Iulon Gagoshidze, the state minister for diaspora matters, said Meskhetians could receive Georgian surnames, and a fast-track route to citizenship if they provided all the correct documents to the state commission. But activists say it is very hard for them to produce documents, considering the regular disruptions they have suffered since their deportation.

They need to collect 13 different documents, printed either in Georgian or English, which is difficult since most of them speak Russian. The Meskhetian organisation Vatan said it costs 100 to 120 US dollars to collect the documents, which is a huge sum for many would-be repatriants and a problem that the government says it is working on.

“I have met Meskhetians living in Azerbaijan. They live very poorly, and all the necessary certificates - birth, marriage, health conditions, place of residence - must be paid for and are not cheap. But it is hardest of all to find archive materials to confirm their deportation in the 1940s,” Gagoshidze said.

Even if the Meskhetians manage to collect all their documents, their problems are not over, since financial help from the state will be minimal or non-existent. New arrivals must find their own homes, and their own work, according to Paata Beltadze, a lawyer.

“By law, the state must give them a fast track to citizenship, but the law does not include any financial obligations,” he said.

Gagoshidze said he was aware of the problems faced by new arrivals, but that Georgia had so many refugees from Abkhazia and South Ossetia to deal with that it was not able to support them.

“Six Meskhetian families have already left Georgia for ever because they were not provided with conditions to live,” he said.

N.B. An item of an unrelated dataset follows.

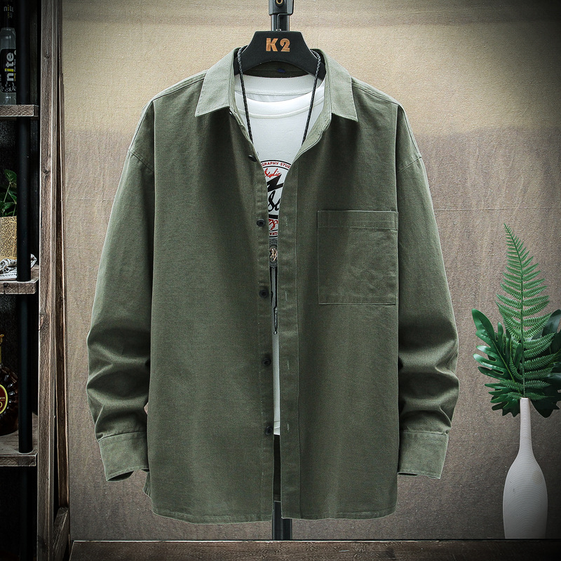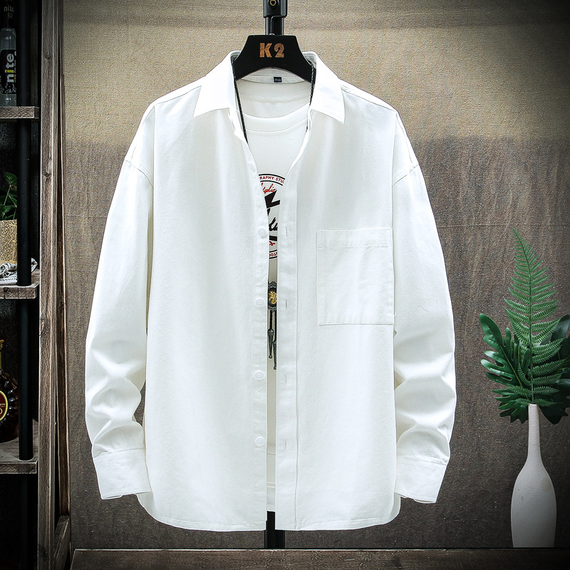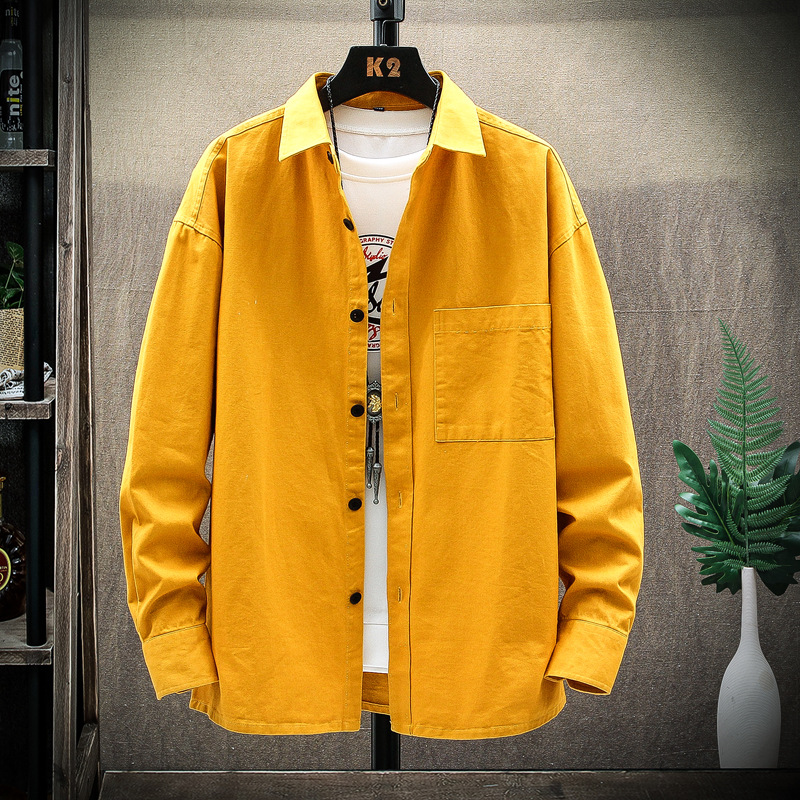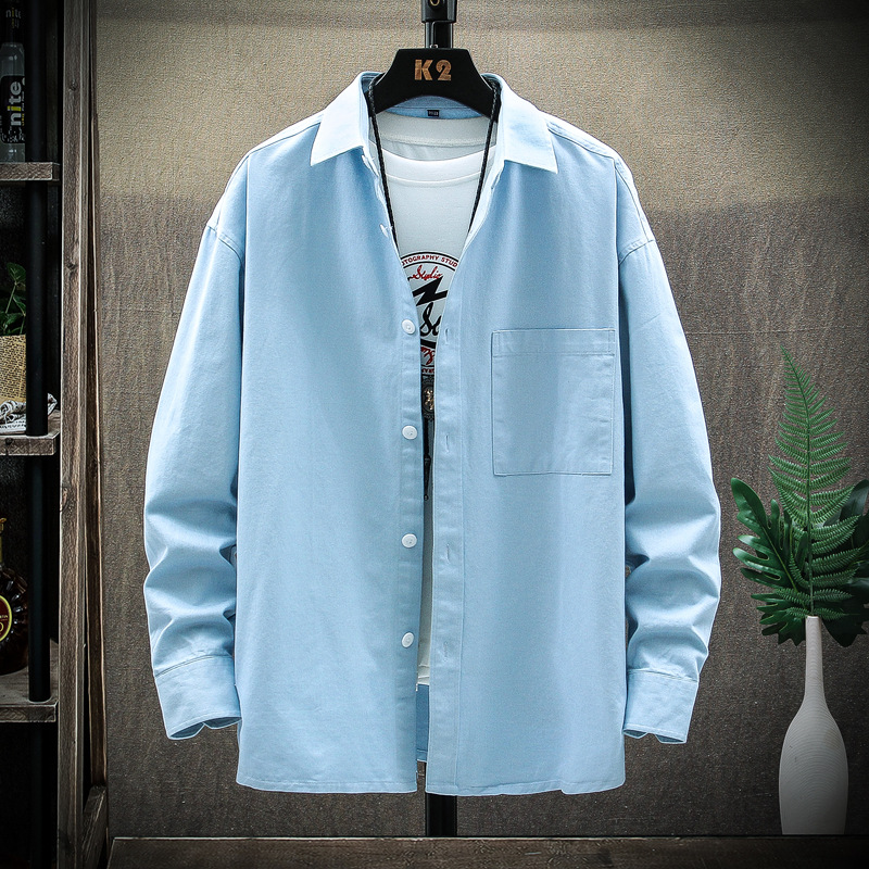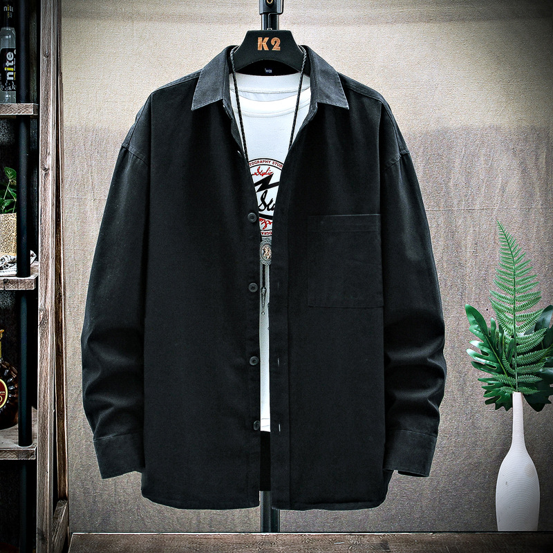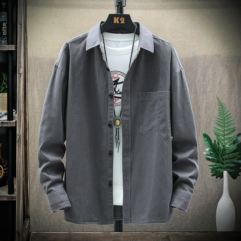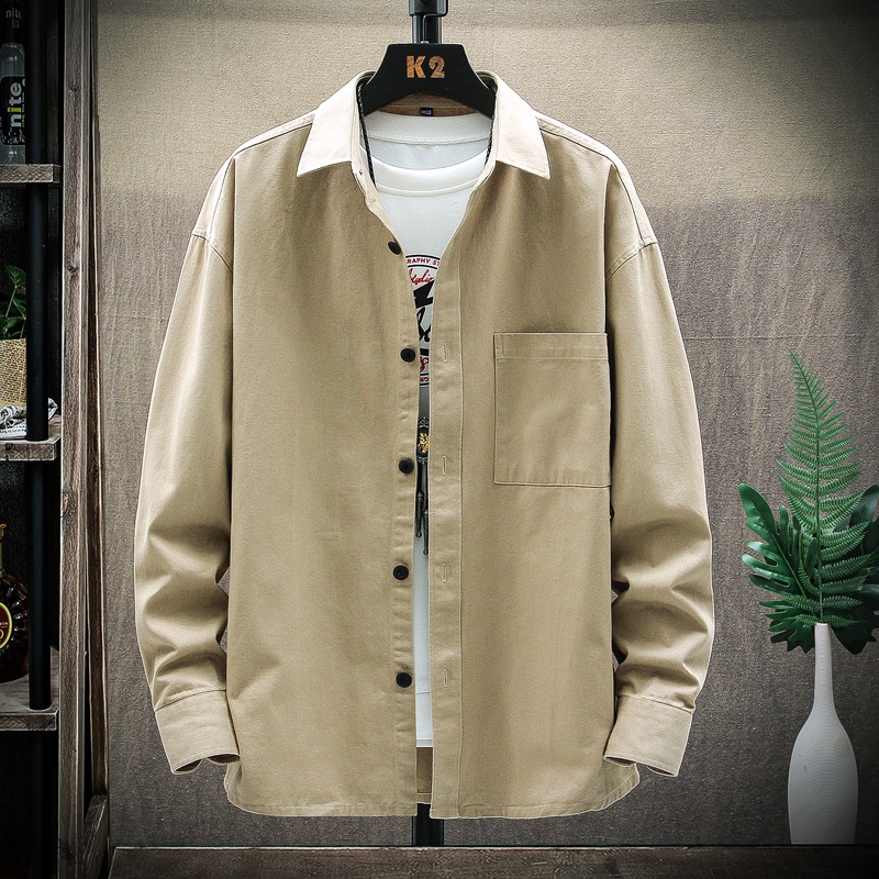 순면 일본 스타일 작업복 셔츠 남성용 긴팔 순면 상의 청년 패션 캐주얼 루즈핏 재킷 학생 셔츠 트렌디스토어 가기

Activists say other Meskhetians could share their fate if the government did not take its obligations to them more seriously.

“If the government of Georgia wants these people to be able to integrate, they need courses in the Georgian language, trips around the country, and so on. And the most important thing is that they need financial support, either from the state, or from a donor organisation,” Eka Metreveli, an expert in the Meskhetians' problems, said.

Latifov is still hopeful though that his fellow Meskhetians will come home.

“We have a house and land in Azerbaijan, which we will sell if we receive citizenship, get our old surnames back and are given help to improve our living conditions,” he said.

But it looks unlikely that they would be able to move to their former homes, which are in the Samtskhe-Javakheti region. Javakheti is mainly now home to Armenians and Georgians and the government will want to avoid any potential conflict between them and the returnees.

“I do not think it would be correct to settle all the repatriants together in Javakheti. This would involve the creation of a new large compact population, conflicts with the local population, and also will not help the integration of the Meskhetians into Georgian society,” said Tsira Meskhishvili, head of the organisation Tolerant.

“Our organisation has worked on the question of repatriation for five years, and worked with the local population, to prepare it for the return of the Meskhetians. However, the local residents still are very negatively inclined to this and feel aggression towards them. We must be very careful in the question of their resettlement.”

Fati Mamiashvili is a freelance journalist in Tbilisi.